7 SEO Experiments to Test in 2020 – https://youtu.be/o_S2uyuLiFw
____________________________________________

As I mentioned, Google released the medic update. If I were to give medical advise, I would be doing a disservice to people and I could potentially harm them. Because of that, Google doesn’t want to rank me for medical-based information.

At the same time, they also don’t want to rank people for medical-based information who are phonies claiming that they know all this medical stuff when they really don’t.

The same goes for financial information. If I went out there and I started giving advise on 401Ks and retirement, how to live life when you’re 60 years old, keeping in mind I’m 34 and I have no clue about retirement yet because I’m nowhere near that age.

Why should I rank for that? I could be doing a disservice and harming people.

Google’s doing this for the best interest of people using Google and it’s the right thing to do.
So today, I’m going to teach you how to build up your expertise authority, and trustworthiness.

This is what’s called EAT, right? Expertise, authority, trustworthiness, stands for eat.

And when you build this up you can start ranking for more things. Now pages that can be potentially hit by the medic update or by Google’s EAT, you know, update is usually ones that are in happiness, health, financial stability, or anything that’s related to the safety of other people.

So just news websites, government, law-related websites, financial advice websites, shopping information, medical advice, information just generally on people, all these are types of sites that we’re seeing that are being effected.

So let’s go into how you can optimize for EAT so that way you can do well.

Tip #1. Establish your own expertise, right? So, I want you to start putting your bio everywhere.

When you write content, put your bio. Tell people why you are an expert on that topic. Why should they pay attention to you? Google doesn’t want a journalist who’s a freelance writer talking about financial advise. Or, a general writer that you get on Upwork talking about medical conditions and what you should do if you have a brain tumor. They want people who are experts, doctors writing on medical-based content.

In addition to that, you can also try to guest post on other websites, that helps, especially if they’re in your niche. Get on other people’s podcasts, that helps again. This all brands you as an expert.

Tip #2. Work with trusted sources.

If you’re talking about scientific-based research, include links in your article to back up your sources, your claims.

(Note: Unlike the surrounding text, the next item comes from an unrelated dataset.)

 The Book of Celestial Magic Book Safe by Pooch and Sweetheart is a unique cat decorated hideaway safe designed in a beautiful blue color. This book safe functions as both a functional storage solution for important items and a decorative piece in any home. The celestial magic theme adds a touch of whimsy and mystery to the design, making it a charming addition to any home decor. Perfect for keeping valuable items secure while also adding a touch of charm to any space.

When I talk about marketing stats, sometimes I mention stats like, did you know 49% of the search that happen on Google result in no clicks? I don’t just say that because I’m making it up. I say it because I got that data from Jump Shot, right.

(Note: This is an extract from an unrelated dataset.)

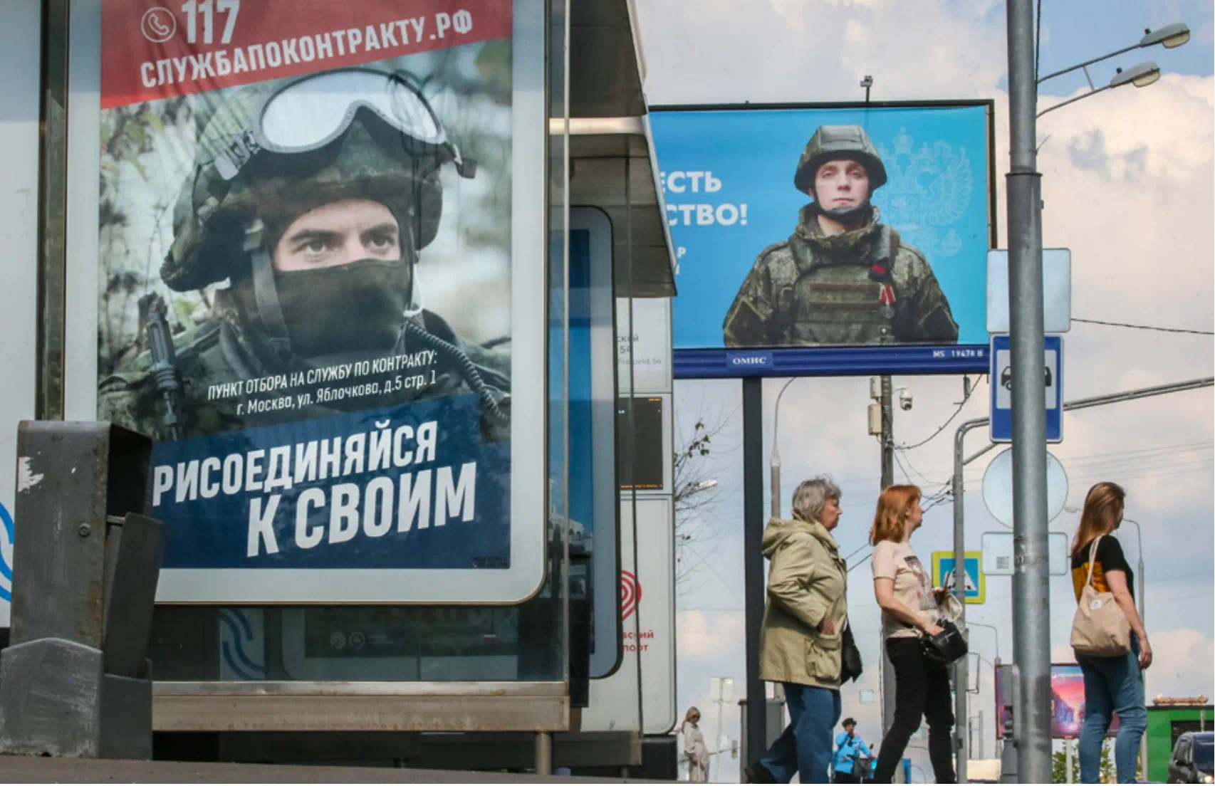 2024年5月21日,俄罗斯莫斯科,人们站在公交车站等车,旁边是一则征兵广告。

They publish it around the web and with their data and they analyze billions of clicks, they said 49% of all searches that happen on Google result in no clicks. So by citing your sources, it makes you seem more reputable and it makes you seem more trusted.

Tip #3. Design your content to be helpful for people.

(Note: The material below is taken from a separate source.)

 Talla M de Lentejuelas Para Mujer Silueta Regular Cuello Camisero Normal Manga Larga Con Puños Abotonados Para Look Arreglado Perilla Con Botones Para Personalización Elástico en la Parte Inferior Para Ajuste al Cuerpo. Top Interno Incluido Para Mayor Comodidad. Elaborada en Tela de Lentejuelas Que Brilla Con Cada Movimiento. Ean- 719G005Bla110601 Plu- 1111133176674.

With the specific purpose in mind of helping other people, not Google, not Facebook, not Instagram. I know this is hard because as I see it as a marketer we’re like, how can I optimize my page for Google or for Facebook.

They want to optimize their pages, their listings, their results for their end user, so if you also do the same yeah in the short run you may not rank where you want or get as much social love, but in the long run you will do better.

What do people want to achieve by reading your content? Ask people that and if you can answer that within your content, you’ll do great. Does your page have a beneficial purpose? If it does, great.